Greeksis wrote: ↑3 years ago
I mean, doesn't the fact that there were two-thee copies every time in every Modern challenge speak about their win rate a bit?
Win rate =/= popularity. Phoenix post March 2019 (I think) had an average win% of 53-55% after it's initial high of 58%, which is in line with every T1 deck that the meta adapted to, while it still put up many copies in Top 8s/Top 16s/Top 32s. Since we don't have the requisite data, we can't make the determination that it's either/or or both for the Snow piles.
Greeksis wrote: ↑3 years ago
You can't ban cards just with data; you have to use a little bit of intuition every now and then. Some examples include Probe and Lattice in modern, veil of summer in Pioneer and other cards. Personally, I think the work that is done from the BnR department is very good. They dont design cards. They ban/unban cards. Obv those who design cards have screwed up big time.

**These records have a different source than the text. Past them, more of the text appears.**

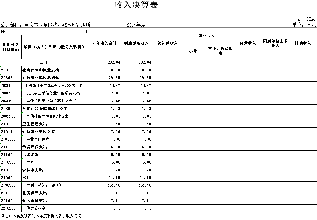 2.收入情况。2019年度收入合计202.04万元,较上年决算数增加44.32万元,增长28.10%,主要原因是主管部门基本工资、津贴补贴调整增加及社保、医保、公积金等社会保障缴费支出增加,社保退休人员工资补差增加及库区综合整治支出。。其中:财政拨款收入202.04万元,占100.00%;
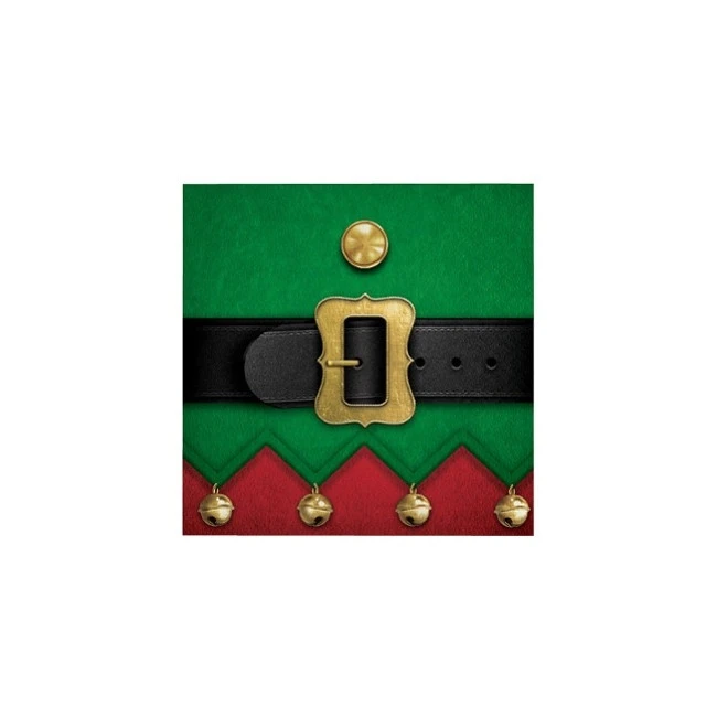 Divertenti tovaglioli con l’immagine di un abito da elfo che combina i colori rosso e verde.
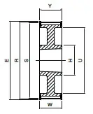 producent SIT wymiary 0 x 161,37 x 45 Waga 0 kg bo – szerokość paska [mm] 36 cecha bez piasty cecha koło z obrzeżami cecha otwór pod Taper Lock E [mm] 168 H [mm] 120 liczba zębów [szt.] 64 materiał żeliwo szare S [mm] 161,37 typ produktu koło pasowe zębate W [mm] 45 współpracuje z Taper Lock 2517 Y [mm] 45 wykonanie 7 profil 8M GTR ds [mm] 0 R [mm] 162,97 U [mm] 138
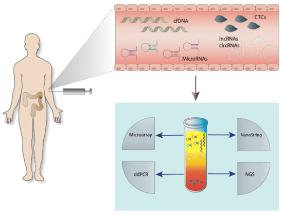 To overcome the limitations of protein markers in diagnostic settings, further DNA- and RNA-based biomarkers, present in liquid biopsies, have been evaluated as potentially new prognostic and predictive markers [137,156,157,158,159,160]. Using minimal invasive approaches could significantly improve the diagnostic and offer new therapeutic possibilities for CRC patients by improving cancer monitoring, as outlined in the following sections.
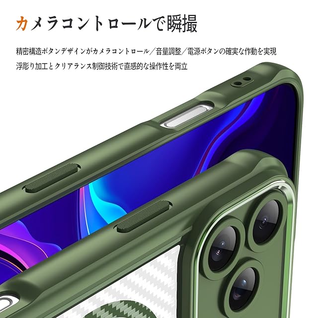商品名:Panda Baby iPhone 17 Pro Max 用 ケース MagSafe対応 半透明 マット質感 指紋防止 耐衝撃バンパー マグネット搭載 レンズ全面保護 「おしゃれなカーボン調」 (グリーン)
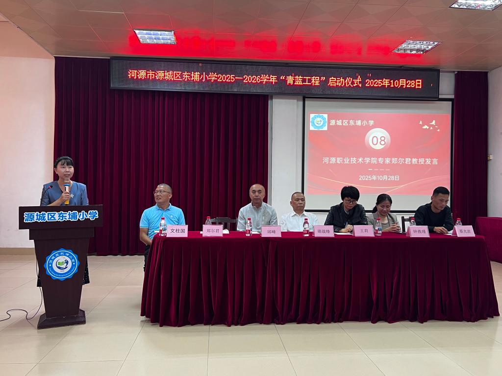 2025年10月28日下午,我院与源城区东埔小学共同举行了东埔小学 “青蓝工程”师徒结对活动启动仪式。我院党委副书记谢战锋及邱锋、郑尔君、王莉、钟燕瑾等4名专家教师参与活动。
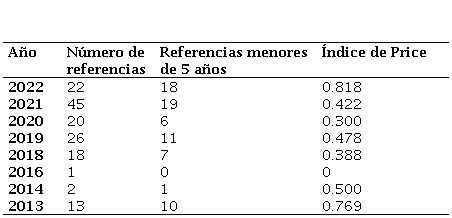 Luego de los cálculos anteriores se procede al cálculo del grado de actualización de las publicaciones, el cual se obtiene mediante el cálculo del índice de Price, este índice permite conocer la cantidad de referencias con antigüedad menor a los 5 años que fueron utilizadas en dicho estudio. Para que el índice indique una mayor actualización debe arrojar valores cercanos a 1. Como se puede observar en la tabla 3, en los años 2022 y 2013 existe un grado de actualización de las referencias medio alto, pues se alcanzan valores de 0.81818182 y 0.76923077 respectivamente. Por otro lado, en los demás años existe un índice de actualización bajo ya que presentan un índice que se encuentra por debajo de 0.5, lo que representa que la mayoría de las referencias de estos años esta desactualizada. Cabe destacar también el año 2014 en el cual se obtiene un grado de actualización medio con un índice de 0.5.
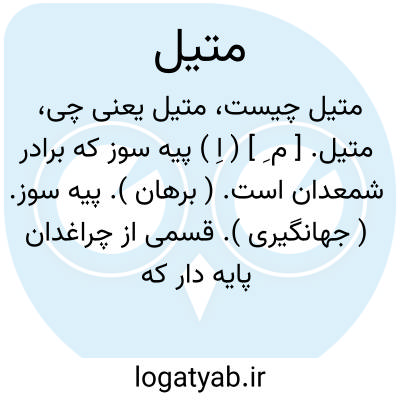 متیل. [ م ِ ] ( اِ ) پیه سوز که برادر شمعدان است. ( برهان ). پیه سوز. ( جهانگیری ). قسمی از چراغدان پایه دار که پیه سوز گویند. ( ناظم الاطباء ). رشیدی کلمه را به فتح اول آورده به معنی سپندسوز و... شاهدی ندارد. ( از حاشیه برهان قاطع چ معین ).

A couple of things, the only (recent) instance of them showing intuition in their ban decisions has been the Lattice one. Other than that and going back years I can't remember them using intuition at all, let alone in a good way. Probe ban was a straight up numbers and gameplay/game balance decision. Secondly, there isn't a banlist council or something like that. WotC does regular meetings on the health of formats and they decide what to do. Since Aaron Forsythe, head of Design, is taking part in those talks (and I think MaRo did at some point) it's a safe bet that, yes, designers do take part in those discussions. So by proxy, they DO design cards.